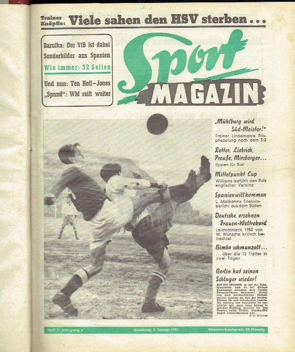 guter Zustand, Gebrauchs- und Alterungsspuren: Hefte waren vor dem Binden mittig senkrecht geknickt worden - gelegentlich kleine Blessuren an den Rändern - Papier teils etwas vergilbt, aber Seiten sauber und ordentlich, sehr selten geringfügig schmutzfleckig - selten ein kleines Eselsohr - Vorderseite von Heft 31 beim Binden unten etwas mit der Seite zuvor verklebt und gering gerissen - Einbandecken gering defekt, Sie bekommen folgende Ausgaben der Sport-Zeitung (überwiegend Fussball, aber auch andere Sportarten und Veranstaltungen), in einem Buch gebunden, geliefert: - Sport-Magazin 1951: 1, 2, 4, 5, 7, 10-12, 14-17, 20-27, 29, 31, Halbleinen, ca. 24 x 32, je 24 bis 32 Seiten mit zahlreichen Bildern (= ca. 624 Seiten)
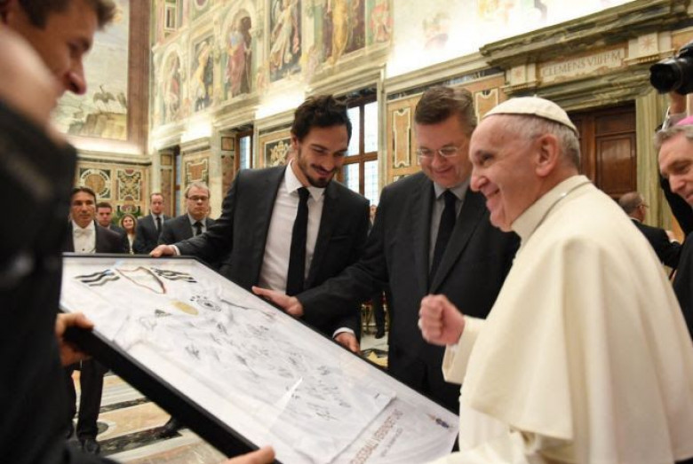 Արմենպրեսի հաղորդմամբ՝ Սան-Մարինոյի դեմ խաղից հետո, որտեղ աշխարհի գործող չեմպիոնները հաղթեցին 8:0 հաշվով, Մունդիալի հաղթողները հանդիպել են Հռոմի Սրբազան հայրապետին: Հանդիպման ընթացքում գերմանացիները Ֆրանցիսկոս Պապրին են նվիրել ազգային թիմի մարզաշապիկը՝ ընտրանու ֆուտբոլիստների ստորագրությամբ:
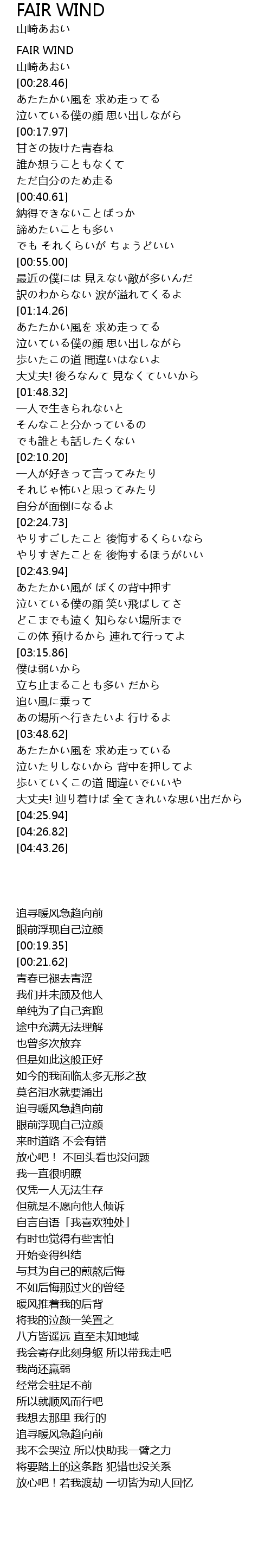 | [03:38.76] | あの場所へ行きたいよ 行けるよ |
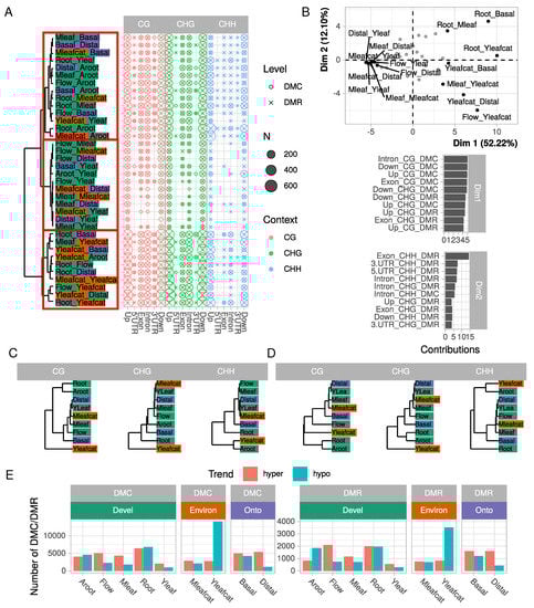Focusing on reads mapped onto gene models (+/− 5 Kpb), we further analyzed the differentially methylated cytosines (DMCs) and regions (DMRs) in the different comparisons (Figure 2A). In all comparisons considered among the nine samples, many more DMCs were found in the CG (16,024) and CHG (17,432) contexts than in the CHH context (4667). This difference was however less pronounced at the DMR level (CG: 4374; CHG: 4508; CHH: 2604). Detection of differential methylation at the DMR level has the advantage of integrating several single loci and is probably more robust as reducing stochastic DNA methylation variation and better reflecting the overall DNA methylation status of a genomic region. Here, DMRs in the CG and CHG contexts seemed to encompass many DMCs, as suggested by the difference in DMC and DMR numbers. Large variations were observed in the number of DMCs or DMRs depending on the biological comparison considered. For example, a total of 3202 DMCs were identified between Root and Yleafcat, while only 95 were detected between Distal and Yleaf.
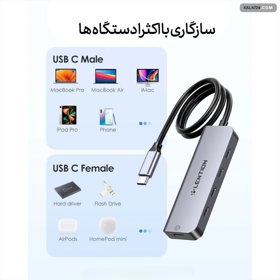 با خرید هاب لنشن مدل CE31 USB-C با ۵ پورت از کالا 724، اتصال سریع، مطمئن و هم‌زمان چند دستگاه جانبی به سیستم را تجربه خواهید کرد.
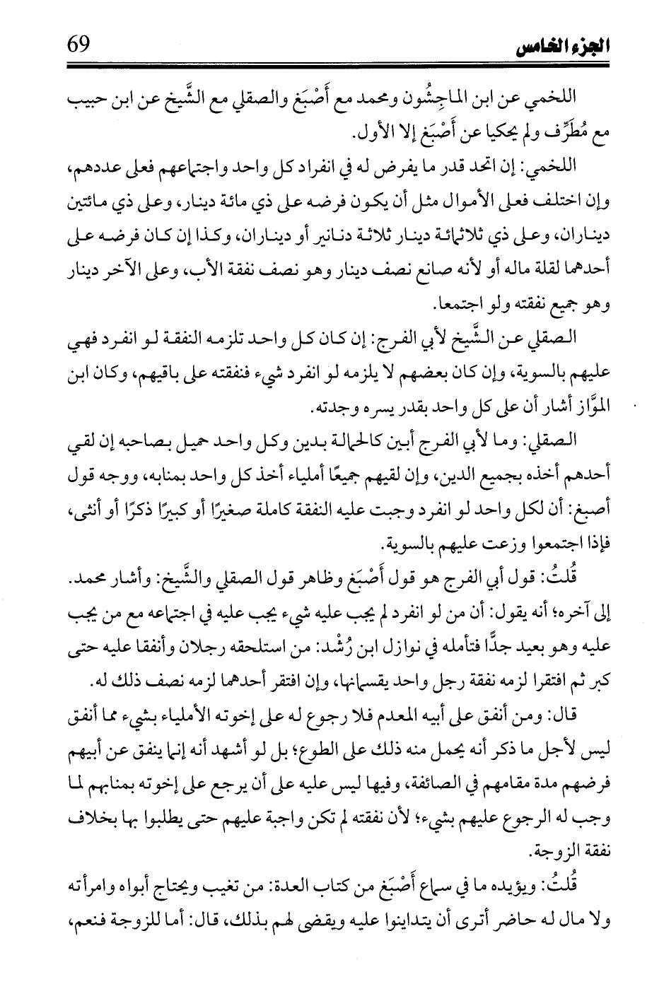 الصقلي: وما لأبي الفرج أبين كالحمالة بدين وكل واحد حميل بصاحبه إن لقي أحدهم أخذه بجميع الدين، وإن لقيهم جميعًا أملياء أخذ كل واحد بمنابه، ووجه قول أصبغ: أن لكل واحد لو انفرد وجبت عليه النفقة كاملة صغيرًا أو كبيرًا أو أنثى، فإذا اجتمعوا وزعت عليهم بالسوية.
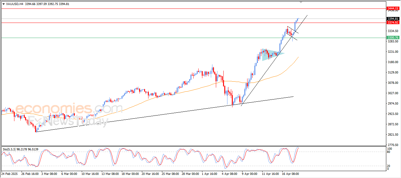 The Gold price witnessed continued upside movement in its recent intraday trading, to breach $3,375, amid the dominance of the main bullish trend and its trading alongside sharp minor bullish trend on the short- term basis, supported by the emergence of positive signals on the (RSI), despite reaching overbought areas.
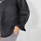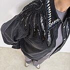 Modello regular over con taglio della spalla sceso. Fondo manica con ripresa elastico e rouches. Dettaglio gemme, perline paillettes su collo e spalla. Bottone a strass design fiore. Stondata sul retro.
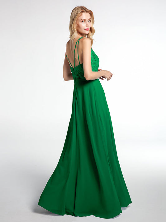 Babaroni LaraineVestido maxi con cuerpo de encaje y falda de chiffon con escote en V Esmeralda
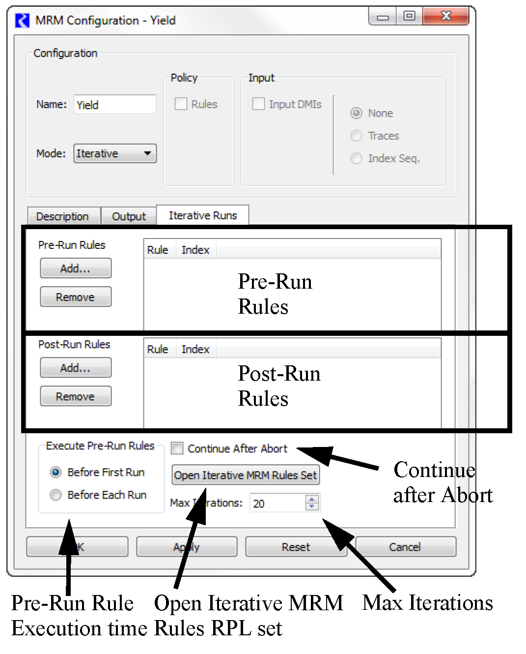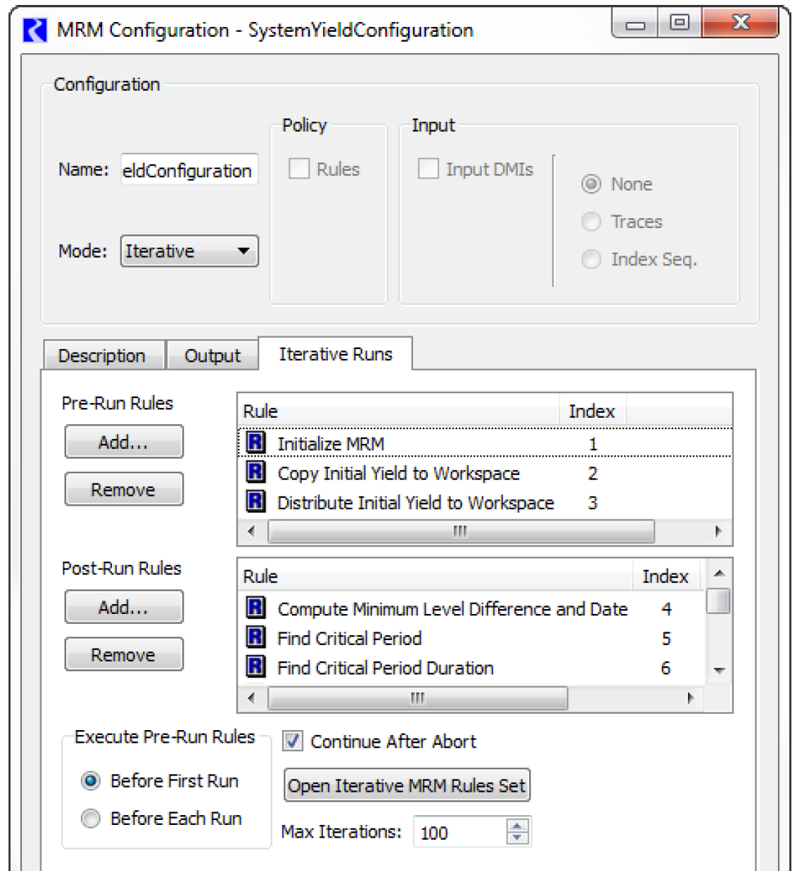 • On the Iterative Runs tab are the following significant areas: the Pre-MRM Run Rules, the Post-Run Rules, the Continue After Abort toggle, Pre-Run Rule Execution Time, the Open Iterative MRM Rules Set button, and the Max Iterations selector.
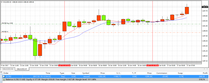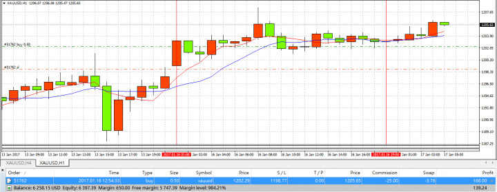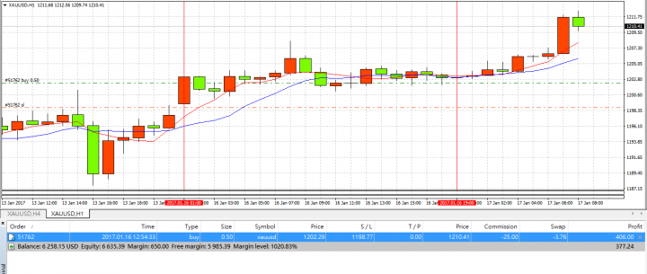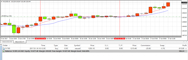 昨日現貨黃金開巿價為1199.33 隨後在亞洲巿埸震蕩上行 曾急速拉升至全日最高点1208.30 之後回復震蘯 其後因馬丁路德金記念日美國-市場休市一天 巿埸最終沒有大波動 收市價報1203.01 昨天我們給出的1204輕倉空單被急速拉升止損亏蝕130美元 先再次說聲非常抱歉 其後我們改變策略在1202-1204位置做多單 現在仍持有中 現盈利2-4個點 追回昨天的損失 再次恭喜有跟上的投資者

=== ASSIGNMENT ===
Print the data above exactly; drop every picture.

=== RESPONSE BOX ===
 guter Zustand, Gebrauchs- und Alterungsspuren: Hefte waren vor dem Binden mittig senkrecht geknickt worden - gelegentlich kleine Blessuren an den Rändern - Papier teils etwas vergilbt, aber Seiten sauber und ordentlich, sehr selten geringfügig schmutzfleckig - selten ein kleines Eselsohr - Vorderseite von Heft 31 beim Binden unten etwas mit der Seite zuvor verklebt und gering gerissen - Einbandecken gering defekt, Sie bekommen folgende Ausgaben der Sport-Zeitung (überwiegend Fussball, aber auch andere Sportarten und Veranstaltungen), in einem Buch gebunden, geliefert: - Sport-Magazin 1951: 1, 2, 4, 5, 7, 10-12, 14-17, 20-27, 29, 31, Halbleinen, ca. 24 x 32, je 24 bis 32 Seiten mit zahlreichen Bildern (= ca. 624 Seiten)
 Արմենպրեսի հաղորդմամբ՝ Սան-Մարինոյի դեմ խաղից հետո, որտեղ աշխարհի գործող չեմպիոնները հաղթեցին 8:0 հաշվով, Մունդիալի հաղթողները հանդիպել են Հռոմի Սրբազան հայրապետին: Հանդիպման ընթացքում գերմանացիները Ֆրանցիսկոս Պապրին են նվիրել ազգային թիմի մարզաշապիկը՝ ընտրանու ֆուտբոլիստների ստորագրությամբ:
 | [03:38.76] | あの場所へ行きたいよ 行けるよ |
Focusing on reads mapped onto gene models (+/− 5 Kpb), we further analyzed the differentially methylated cytosines (DMCs) and regions (DMRs) in the different comparisons (Figure 2A). In all comparisons considered among the nine samples, many more DMCs were found in the CG (16,024) and CHG (17,432) contexts than in the CHH context (4667). This difference was however less pronounced at the DMR level (CG: 4374; CHG: 4508; CHH: 2604). Detection of differential methylation at the DMR level has the advantage of integrating several single loci and is probably more robust as reducing stochastic DNA methylation variation and better reflecting the overall DNA methylation status of a genomic region. Here, DMRs in the CG and CHG contexts seemed to encompass many DMCs, as suggested by the difference in DMC and DMR numbers. Large variations were observed in the number of DMCs or DMRs depending on the biological comparison considered. For example, a total of 3202 DMCs were identified between Root and Yleafcat, while only 95 were detected between Distal and Yleaf.
 با خرید هاب لنشن مدل CE31 USB-C با ۵ پورت از کالا 724، اتصال سریع، مطمئن و هم‌زمان چند دستگاه جانبی به سیستم را تجربه خواهید کرد.
 الصقلي: وما لأبي الفرج أبين كالحمالة بدين وكل واحد حميل بصاحبه إن لقي أحدهم أخذه بجميع الدين، وإن لقيهم جميعًا أملياء أخذ كل واحد بمنابه، ووجه قول أصبغ: أن لكل واحد لو انفرد وجبت عليه النفقة كاملة صغيرًا أو كبيرًا أو أنثى، فإذا اجتمعوا وزعت عليهم بالسوية.
 The Gold price witnessed continued upside movement in its recent intraday trading, to breach $3,375, amid the dominance of the main bullish trend and its trading alongside sharp minor bullish trend on the short- term basis, supported by the emergence of positive signals on the (RSI), despite reaching overbought areas.
 Modello regular over con taglio della spalla sceso. Fondo manica con ripresa elastico e rouches. Dettaglio gemme, perline paillettes su collo e spalla. Bottone a strass design fiore. Stondata sul retro.
 Babaroni LaraineVestido maxi con cuerpo de encaje y falda de chiffon con escote en V Esmeralda
 • On the Iterative Runs tab are the following significant areas: the Pre-MRM Run Rules, the Post-Run Rules, the Continue After Abort toggle, Pre-Run Rule Execution Time, the Open Iterative MRM Rules Set button, and the Max Iterations selector.
 昨日現貨黃金開巿價為1199.33 隨後在亞洲巿埸震蕩上行 曾急速拉升至全日最高点1208.30 之後回復震蘯 其後因馬丁路德金記念日美國-市場休市一天 巿埸最終沒有大波動 收市價報1203.01 昨天我們給出的1204輕倉空單被急速拉升止損亏蝕130美元 先再次說聲非常抱歉 其後我們改變策略在1202-1204位置做多單 現在仍持有中 現盈利2-4個點 追回昨天的損失 再次恭喜有跟上的投資者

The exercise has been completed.